The final scene of the first episode raised the specter of a “war” for control of our dreams, and I’m curious to see how that alarming notion plays out. This might sound like science fiction, and it is exactly that, science fiction at its best: a dramatized version of cutting-edge scientific findings, technological innovations, and cultural trends whose real-world consequences are just dawning on us. We are living in a world where various forces, some benign and others much less so, are competing for influence over our minds, in waking and in sleeping. “Falling Water” is poised to reflect that emerging reality back to us in a fictional medium that, paradoxically, will probably have a tangible impact on the real dreams of its viewers.
Having watched a lot of dream-related movies and television shows over the years, I can’t help but notice several visual and thematic references in “Falling Water,” all of which bode well for it future direction. Most viewers will immediately associate the show’s premise with the 2011 film Inception and its portrayal of skilled agents entering into other people’s dreams and trying to manipulate them. But “Falling Water” seems to be aiming for something bigger, more along the lines of the 1999 film The Matrix, with its mind-bending metaphysical combat and prophetic call for a new, more advanced kind of consciousness. More than either Inception or The Matrix, however, “Falling Water” goes deeper into the creepy depths of the collective unconscious, with an occult mystery theme that reminds me of the first excellent season of the 2014 TV show “True Detective.” Some of the visuals and epistemological paradoxes in “Falling Water” are strikingly reminiscent of the 1988 film “Jacob’s Ladder,” which used the Tibetan Book of the Dead as a template for describing a soldier’s journey through a nightmare world located somewhere between life and death. And there are several parallels to the Nightmare on Elm Street series of films, starting in 1984, which used schlocky special effects to dig deeply into the dark, festering corners of the American psyche. A striped shirt appears on a key character in “Falling Water,” which does make one wonder.

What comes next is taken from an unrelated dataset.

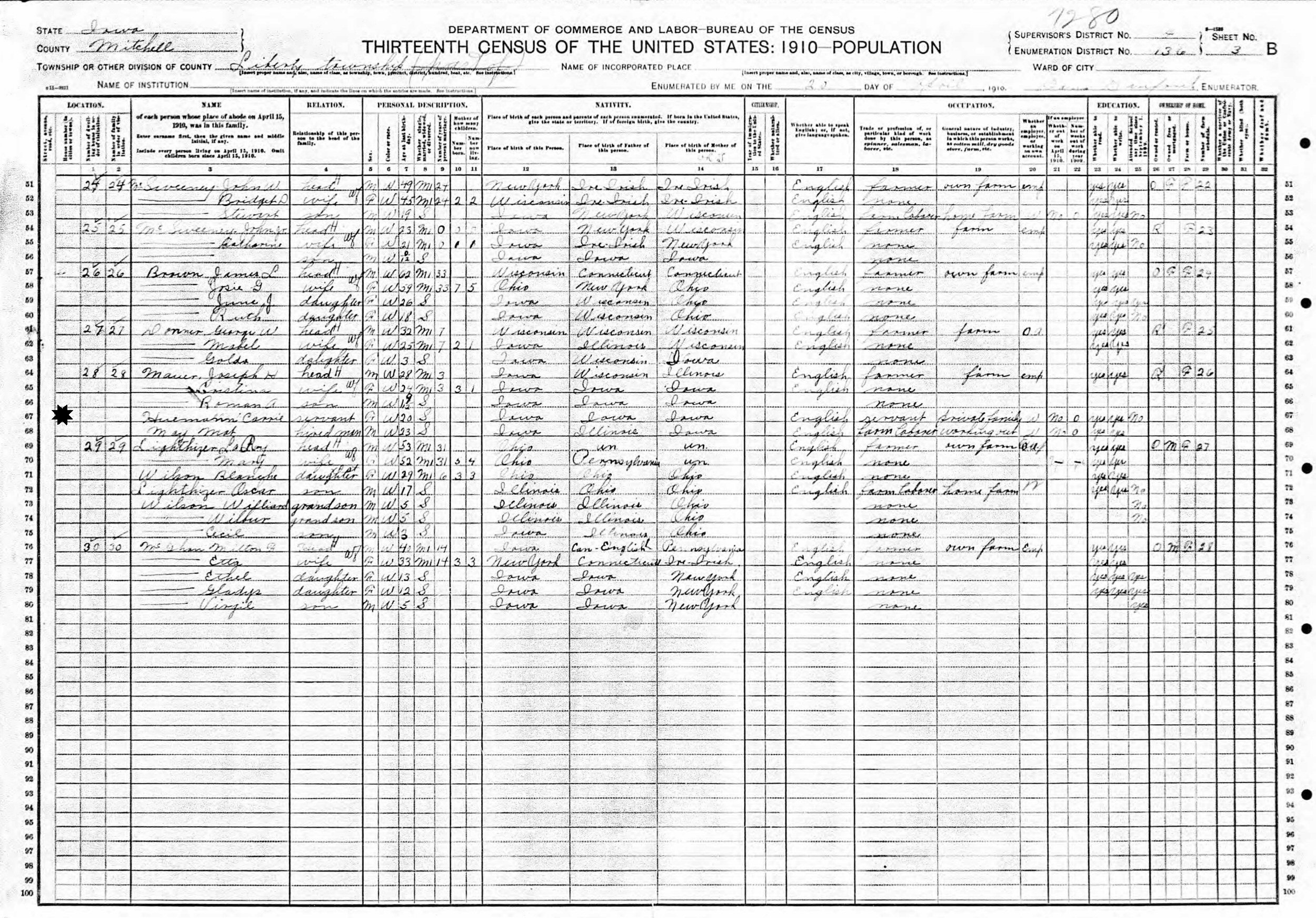 April 20, 1910 - Supervisor's District 4, Enumeration District 136, Liberty, Mitchell County, Iowa (Servant).
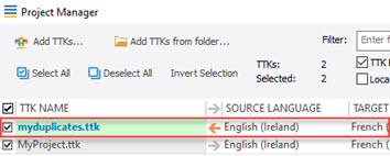 Selecting this option automatically lists the newly created Duplicates TTK to the Project Manager list, marked selected.

The touchstone for any show like this is always “Twin Peaks,” the David Lynch television series from the early 1990’s, which is set to reboot with new episodes soon (!!). “Twin Peaks” featured a dream-inspired FBI agent who tracked down an evil entity haunting people’s minds and forcing them to violate the laws and morals of the waking world. In its incredible beauty, emotional rawness, and surrealistic whimsy, “Twin Peaks” portrayed aspects of genuine dreaming in a more compelling way than perhaps America was ready to handle at the time. The first episode of “Falling Water” does not have any of the levity and comical weirdness of “Twin Peaks,” which may be a good thing at the start (no dwarves in red suits) but will hopefully appear in some form in later episodes. There’s bound to be lots of falling in this show; will there also be flying?